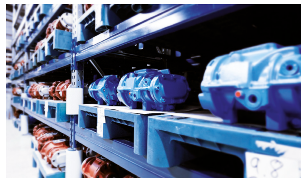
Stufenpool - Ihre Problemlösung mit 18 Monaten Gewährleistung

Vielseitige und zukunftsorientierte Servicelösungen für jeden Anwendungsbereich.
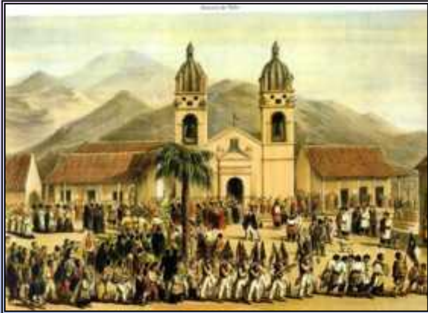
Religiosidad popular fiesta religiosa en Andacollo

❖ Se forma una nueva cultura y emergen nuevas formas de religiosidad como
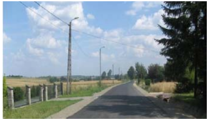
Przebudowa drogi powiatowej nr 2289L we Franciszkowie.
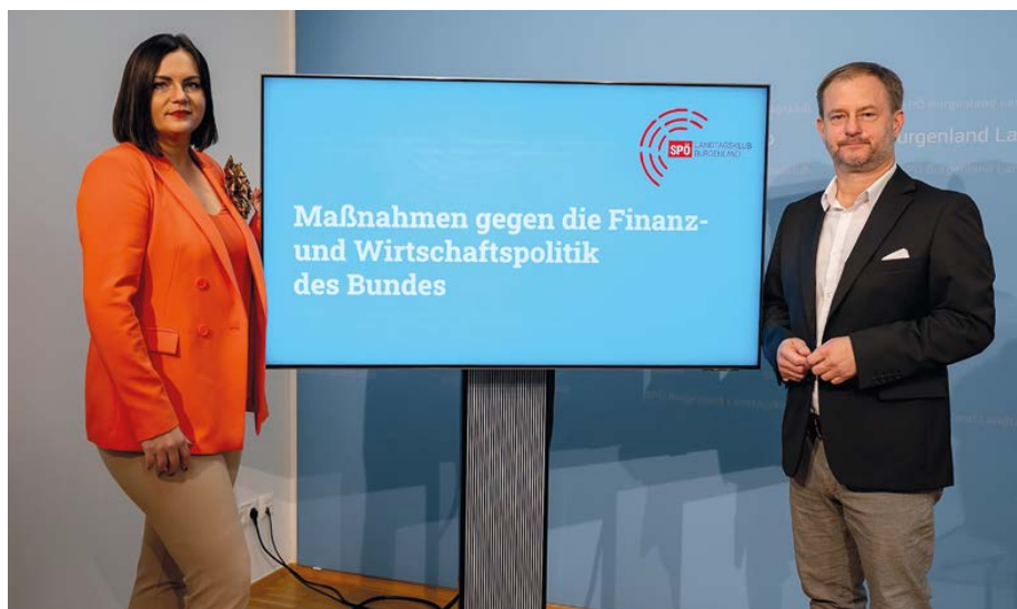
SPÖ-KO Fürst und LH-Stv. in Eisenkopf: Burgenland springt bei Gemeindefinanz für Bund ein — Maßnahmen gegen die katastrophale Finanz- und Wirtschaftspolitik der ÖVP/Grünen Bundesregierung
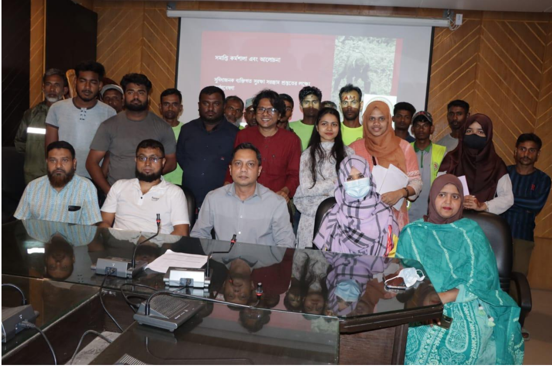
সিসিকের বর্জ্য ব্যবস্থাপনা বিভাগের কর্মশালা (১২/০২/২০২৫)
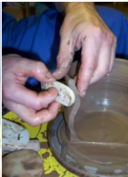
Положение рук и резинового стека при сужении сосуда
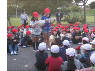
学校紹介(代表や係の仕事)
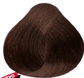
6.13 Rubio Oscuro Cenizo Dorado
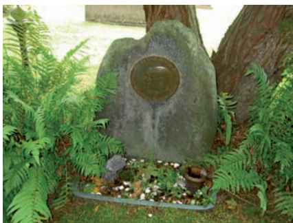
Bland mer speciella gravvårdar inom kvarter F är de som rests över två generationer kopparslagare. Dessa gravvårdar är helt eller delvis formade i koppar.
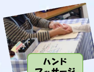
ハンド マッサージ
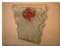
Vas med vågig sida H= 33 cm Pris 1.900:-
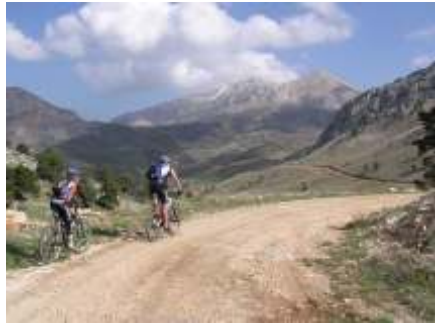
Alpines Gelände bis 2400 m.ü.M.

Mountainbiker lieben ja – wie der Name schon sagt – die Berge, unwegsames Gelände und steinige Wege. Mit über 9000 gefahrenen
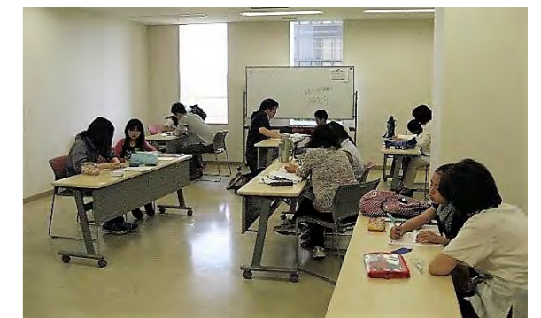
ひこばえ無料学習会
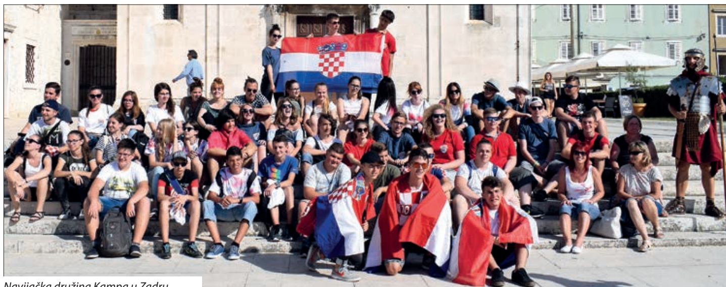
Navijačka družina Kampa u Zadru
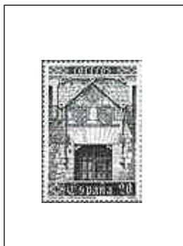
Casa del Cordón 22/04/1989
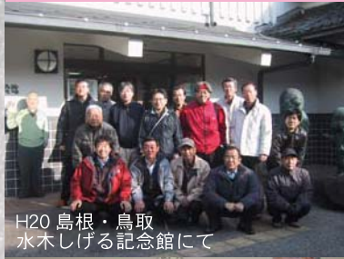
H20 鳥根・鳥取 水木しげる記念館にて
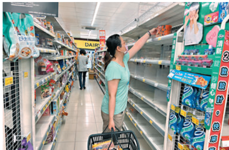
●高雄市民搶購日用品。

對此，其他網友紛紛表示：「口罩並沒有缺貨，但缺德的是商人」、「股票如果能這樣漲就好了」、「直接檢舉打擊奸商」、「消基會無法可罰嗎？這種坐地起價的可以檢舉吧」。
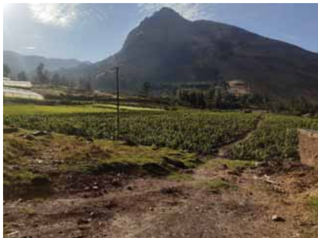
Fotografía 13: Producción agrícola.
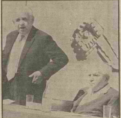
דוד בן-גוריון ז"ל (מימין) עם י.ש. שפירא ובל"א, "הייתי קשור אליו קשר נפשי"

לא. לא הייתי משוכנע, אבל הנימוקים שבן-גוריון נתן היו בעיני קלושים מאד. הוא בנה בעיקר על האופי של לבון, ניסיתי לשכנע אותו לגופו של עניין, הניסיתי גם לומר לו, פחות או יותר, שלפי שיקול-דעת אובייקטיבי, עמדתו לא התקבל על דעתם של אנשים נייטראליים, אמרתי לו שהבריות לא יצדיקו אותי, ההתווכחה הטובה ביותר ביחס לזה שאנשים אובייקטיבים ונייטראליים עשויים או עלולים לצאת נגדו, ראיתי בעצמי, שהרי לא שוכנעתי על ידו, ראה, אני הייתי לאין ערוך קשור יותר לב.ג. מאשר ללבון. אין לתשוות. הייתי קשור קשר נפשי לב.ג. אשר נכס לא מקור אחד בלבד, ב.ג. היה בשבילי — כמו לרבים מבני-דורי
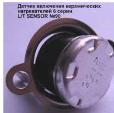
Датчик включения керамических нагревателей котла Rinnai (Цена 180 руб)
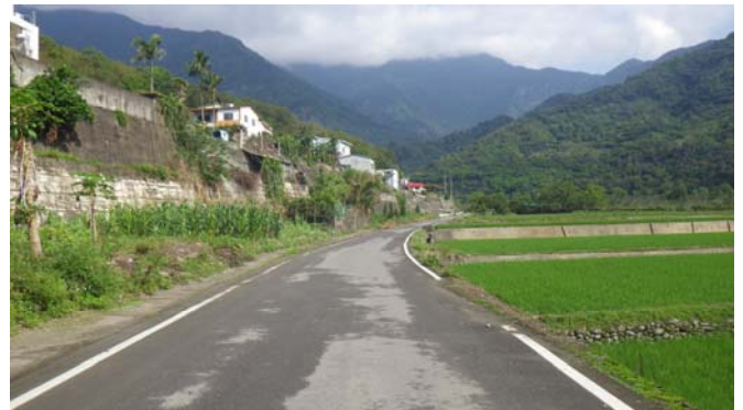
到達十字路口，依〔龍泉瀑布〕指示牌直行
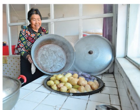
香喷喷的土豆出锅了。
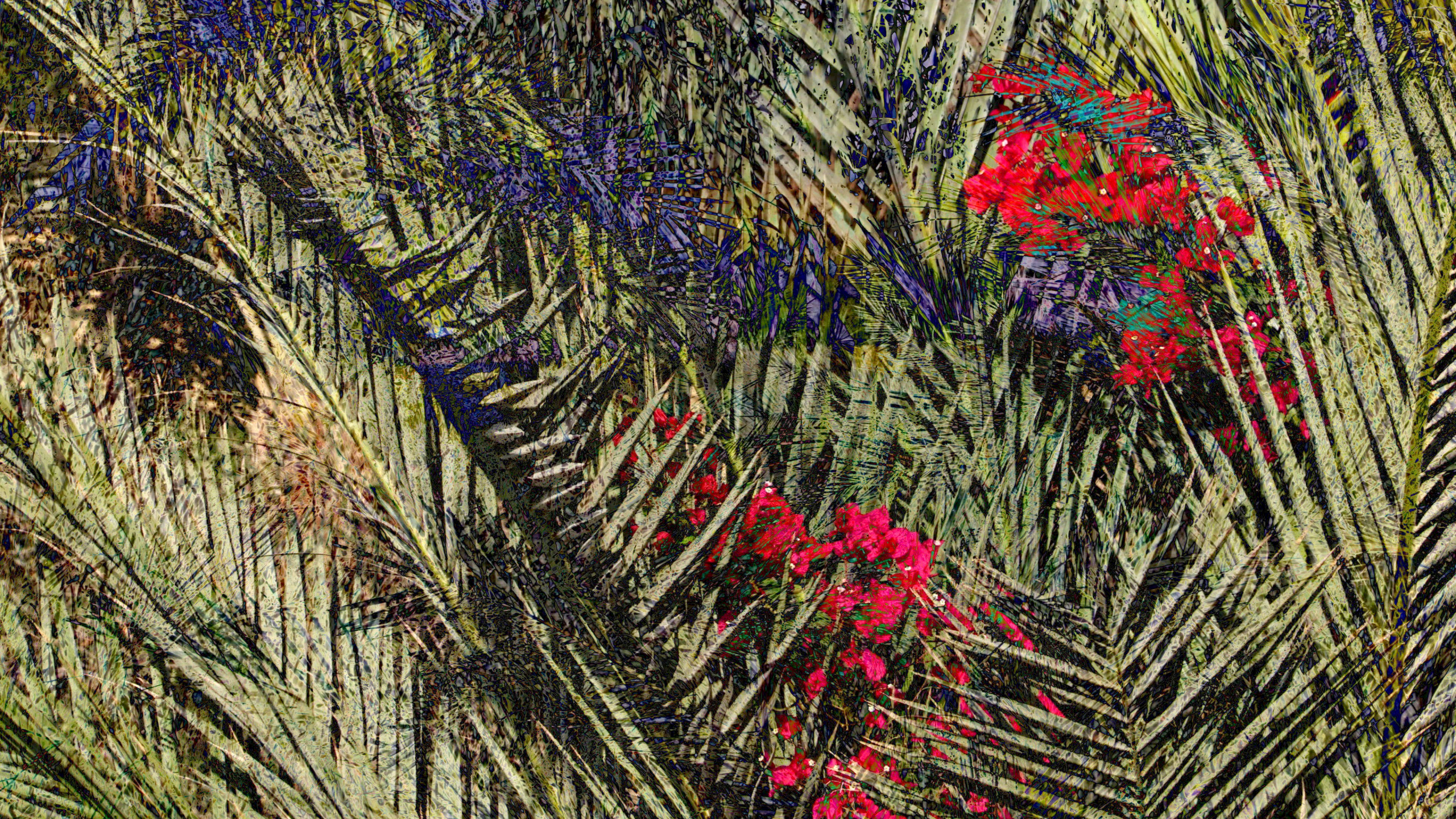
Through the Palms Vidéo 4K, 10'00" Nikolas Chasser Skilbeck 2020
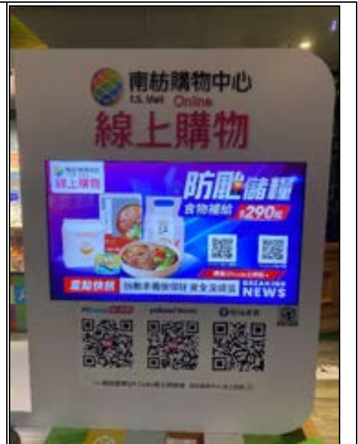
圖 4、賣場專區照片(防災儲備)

***

* **ACTION ITEM**
Filter the records down to the lines that contain the string "הייתי", and copy those lines.

* **EXERCISE RESPONSE**
דוד בן-גוריון ז"ל (מימין) עם י.ש. שפירא ובל"א, "הייתי קשור אליו קשר נפשי"
לא. לא הייתי משוכנע, אבל הנימוקים שבן-גוריון נתן היו בעיני קלושים מאד. הוא בנה בעיקר על האופי של לבון, ניסיתי לשכנע אותו לגופו של עניין, הניסיתי גם לומר לו, פחות או יותר, שלפי שיקול-דעת אובייקטיבי, עמדתו לא התקבל על דעתם של אנשים נייטראליים, אמרתי לו שהבריות לא יצדיקו אותי, ההתווכחה הטובה ביותר ביחס לזה שאנשים אובייקטיבים ונייטראליים עשויים או עלולים לצאת נגדו, ראיתי בעצמי, שהרי לא שוכנעתי על ידו, ראה, אני הייתי לאין ערוך קשור יותר לב.ג. מאשר ללבון. אין לתשוות. הייתי קשור קשר נפשי לב.ג. אשר נכס לא מקור אחד בלבד, ב.ג. היה בשבילי — כמו לרבים מבני-דורי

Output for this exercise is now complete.